Crosses should be true symbol of divine

Published 6:37 pm Thursday, August 11, 2011

“A Stetson hat and a pair of boots do not a cowboy make.”
“Fifteen miles and a $15,000 dollar motorcycle do not a biker make.”
“A fancy gold cross does not a Christian make.”

Since I am on vacation, and away from my duties at Holy Cross during August, I have had the opportunity to watch what goes on in the world around me a little more intently.
For instance, while recently at Folly Beach with our youth group, hiding behind my sunglasses I saw an amazing number and styles of crosses tattooed onto bare arms, backs, bellies, legs and the barely hidden nether regions of the human anatomy.
The “bling” (if that word is still in vogue for tacky jewelry) displayed by old and young alike was gaudily festooned with innumerable styles of crosses. And the T-shirts with crosses were a veritable serigrapher’s nightmare of variations.
It appeared, if the display of crosses in Folly Beach were any clue, that you can’t swing a dead sand crab without hitting a devout Christian – semi-naked or otherwise.
But what some people think the sign of the cross is all about came as a shock last week when I took a motorcycle ride to Asheville.
Now, if you go to Asheville at all you know the bumper sticker “KEEP ASHEVILLE WEIRD” is not only humorous, but true.
At one point I wound up downtown near Pritchard Park looking for a bite of lunch. As I was stowing my helmet and gloves one of the street folk came over to compliment the looks of my ride.
Trying to think of something polite to say in reply in return I noted that he was wearing a modest cross on a leather thong around his neck.
“Nice cross.”
“Yeah, man.

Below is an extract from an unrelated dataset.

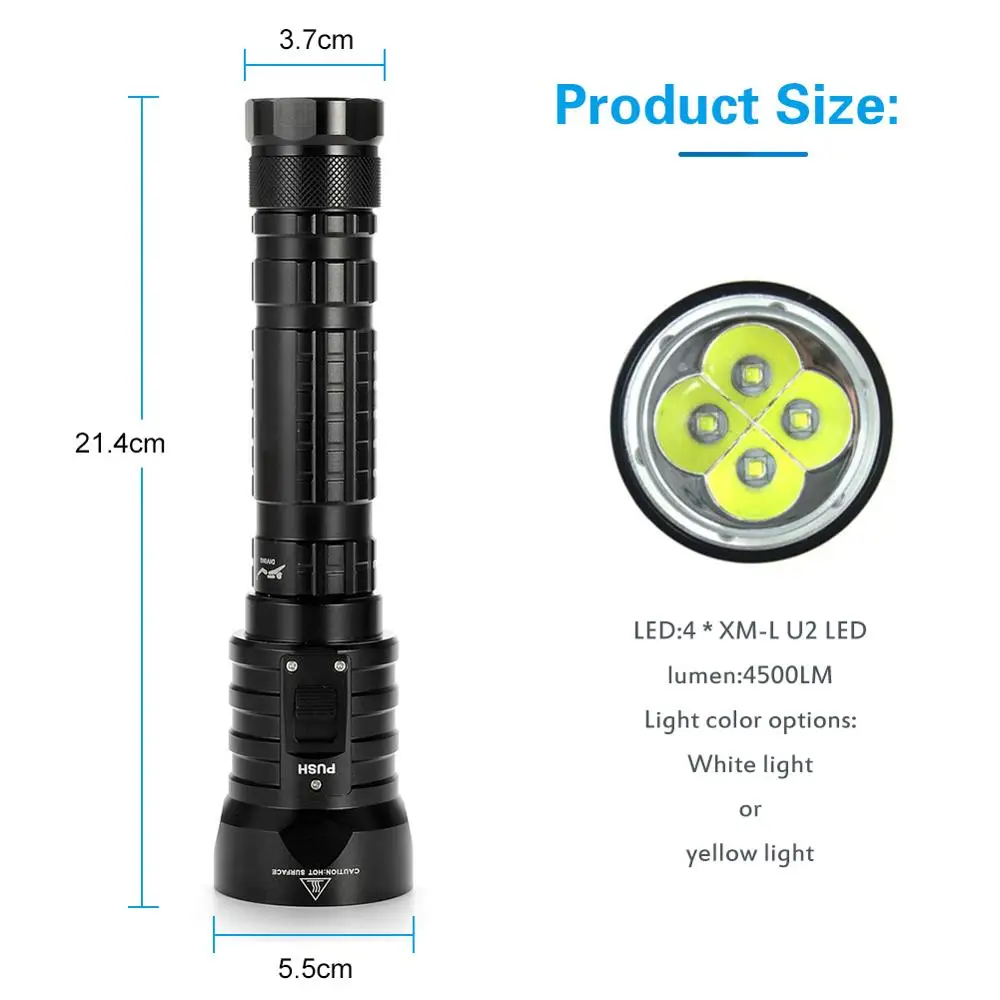Технические характеристики: Модель продукта: DX4 Материалы: летательный аппарат Алюминий Светодиодный: 4 * XM-L U2 Светильник Цвет: белый Световой поток: Max.8000lms Источник питания: 2*18650 литиевая батарея (с трубкой) / 2*26650 литиевая батарея (без трубки) (не входит в комплект) Водонепроницаемый: IPX8 Глубина погружения: макс. 50 м Товар Вес: 368g/12,9 oz Особенности: Ручной тип с противоскользящей поверхностью, легко носить с собой. Прочный алюминиевый корпус самолета и линзы из закаленного стекла, очень антиабразивные и прочные. Уровень водонепроницаемости IPX8, глубина погружения до 50 метров, специально для дайверов. С 4 шт Высокое качество XM-L U2 светодиодный, максимальная выходная яркость может достигать 8000 люменов, рассеивает темноту вокруг вас даже под водой. С 3 функциональными режимами: низкий светильник, высокий светильник и стробоскоп. Магнитный пружинный задний переключатель, легко управлять и менять режимы. Поддержка 2 различных типов (18650 и 26650) перезаряжаемых батарей. (не входят в комплект) Подходит для дайвинга, кемпинга, охоты, рыбалки и других видов активного отдыха. A. Посылка включает в себя: 1 фонарик (аккумулятор и зарядное устройство в комплект не входят) 2 x лампа прямого накала B. Посылка включает в себя: Фонарь (1 шт.) 2x18650 батарея 1 x Зарядное устройство 2 x лампа прямого накала C. Посылка включает в себя: Фонарь (1 шт.) 2x26650 батарея 1 x Зарядное устройство 2 x лампа прямого накала

That’s my talisman. It protects me.”
“Really? That’s nice. Where do you go to church?”
“Ah, man. I don’t do that church &#@*.”
“OK. So how do Jesus and that cross protect you?”
These days sacred symbols seem to be a dime a dozen; usually displayed as mindless and unreflective decorations; at worst seen and used as magical totems – but, oh, so rarely as a display of genuine commitment and devotion.
To be a cowboy or hardcore biker is a way of life. To be a Christian is a way of life.
In some parts of the world to merely display a cross publically is to invite imprisonment or death because it declares to the world that the one who puts forward that sacred symbol adheres to a set of values rooted in the ministry, teaching, life, death and resurrection of Jesus Christ – a lifestyle, not merely a tag or an empty display.
Nor is a cross a magic symbol with which to conjure God’s favor by some ostentatious display.
The symbol of the cross is far more powerful than mere magic because if seen and understood as a true symbol of the divine presence in the world it can elicit change on the most fundamental levels of human life.